In this tutorial, we'll walk through the available ways to manage Checks and Tracks in Backstage.

Requirements

  1. Completed Soundcheck Backend Setup
  2. Completed Soundcheck Frontend Setup
  3. While not necessary, it is recommended to complete one of our supported SCM-specific prerequisites

Understanding the Various Methods of Managing Checks and Tracks

Soundcheck allows you to manage your Checks and Tracks via the UI and or by YAML. There are tradeoffs for each of these methods which we’ll highlight below. Additionally, all of these methods can be utilized together so each team implementing these can pick the best method for the team on organization.

Managed Via Local YAML

If your organization has followed one of the SCM-specific prerequisites, then you are already familiar with defining Checks and Tracks via YAML.

Pros:

  • Can be stored with your organization’s core Backstage implementation in source control.
  • Can be stored in a different file from your app-config and included using the $include directive, making it portable across environments.
  • Simplifies “cross-team” Checks as all Checks are local and there is no concern about a specific Check id not being valid.

Cons:

  • Pull requests for changes or additions to Checks and Tracks can get bottle-necked if a single team manages your organization’s Backstage implementation.
  • CI/CD pipelines have to be considered to prevent unnecessary work when making changes to just the yaml file.
  • Changes to the checks and tracks requires Backstage to reload the yaml files. This can be accomplished via the refetch config or by restarting your Backstage instance(s).

Managed Via Remote YAML

Managing Checks and Tracks via remote YAML is very similar to managing them via local yaml. The primary difference is the import path added to your Backstage instance via the app config yaml files.

Pros:

  • Multiple teams can contribute their own Checks and Tracks that live in their team’s source controlled files.
  • Can simplify your app-config to include the remote source(s) making it portable across multiple environments.

Cons:

  • If all Checks and Tracks are implemented by teams in their respective repositories then Pull Requests can be merged faster given the scope of work and changes are limited.
  • CI/CD pipelines can be simplified to ignore the yaml files or perform some linting and potentially JSON Schema validation.
  • "Cross-team" Checks become more complicated since a team implementing another team’s Check in their Track must verify the other team’s Check has been included.
  • Changes to the Checks and Tracks requires a restart of the Backstage backend.

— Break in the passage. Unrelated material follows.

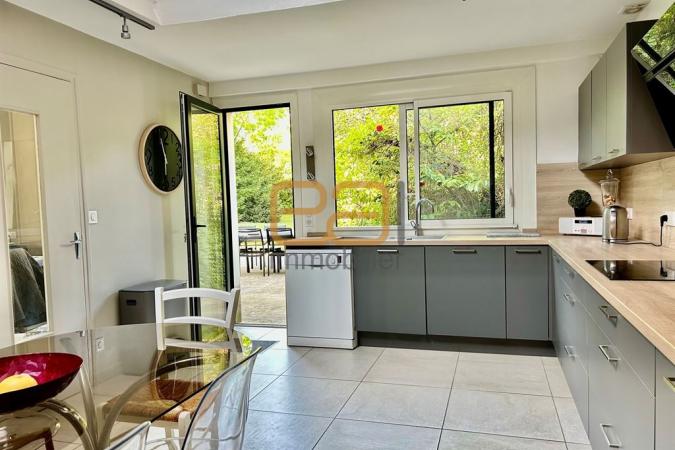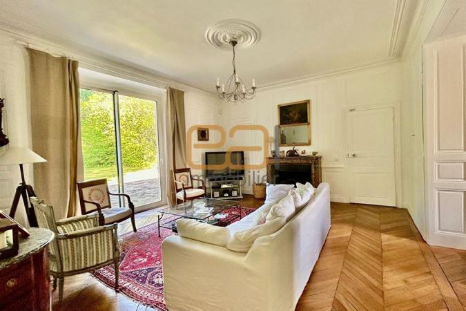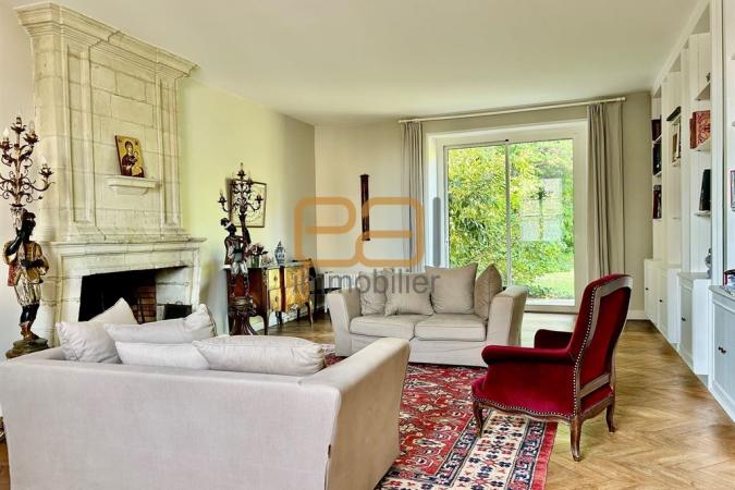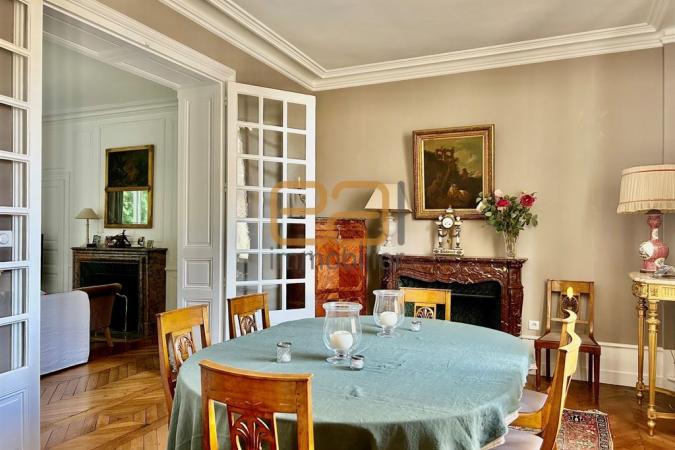 Au fil des trois niveaux, la demeure dévoile une collection d’éléments architecturaux d’une grande noblesse, avec notamment des parquets en chêne en point de Hongrie, des cheminées en marbre, des carreaux de ciment et des moulures d’origine. Dès le seuil, l’atmosphère s’impose : une vaste entrée ouvre sur le Grand Salon, véritable pièce de réception, tandis qu’à droite se déploient le Petit Salon et la salle à manger, harmonieusement reliés, alliant confort du quotidien et élégance des circulations. Dans le prolongement, une cuisine lumineuse, dinatoire, aménagée et équipée, agrémentée d’un puits de lumière, vient sublimer les instants gourmands. Une aile en contrebas, à l’abri des regards, complète ce niveau et propose une buanderie, un WC indépendant et une remise.

Managed Via the Backstage UI

The Backstage UI allows your teams to manage their respective Checks and Tracks in a more user-friendly way, but with some limitations.

Pros:

  • Does not require a user to know yaml or the Check or Track schema.
  • Checks and Tracks can be implemented in “real-time” without needing to restart the Backstage backend with immediate feedback of affected Entities.
  • Creation and editing of Checks and Tracks can be limited to specific users/groups via the RBAC plugin.

Cons:

  • Not easily portable across environments, since the Checks and Tracks would need to be implemented in each environment.
  • Checks and Tracks can be exported to YAML which makes them more portable

Empowering Teams To Manage Their Own Checks

Teams can begin to manage their own Checks with relative ease. This allows you to scale the rate of adoption of Soundcheck across your entire organization.

  1. Use a whiteboard session with a pilot team to map out their desired checks.
  2. Review the NCUI to empower them to move this Check pseudocode to a concrete implementation.
  3. Have the pilot team utilize the NCUI to build their checks in the NCUI
    • For instructions on how to build and maintain checks in the NCUI, please go here
  4. Once all of their checks have been created in the NCUI, have them build their Track using the newly created checks.
    • For additional instructions on how to build and maintain tracks in the NCUI, please go here
  5. Now you have your first inner-sourced track and set of checks!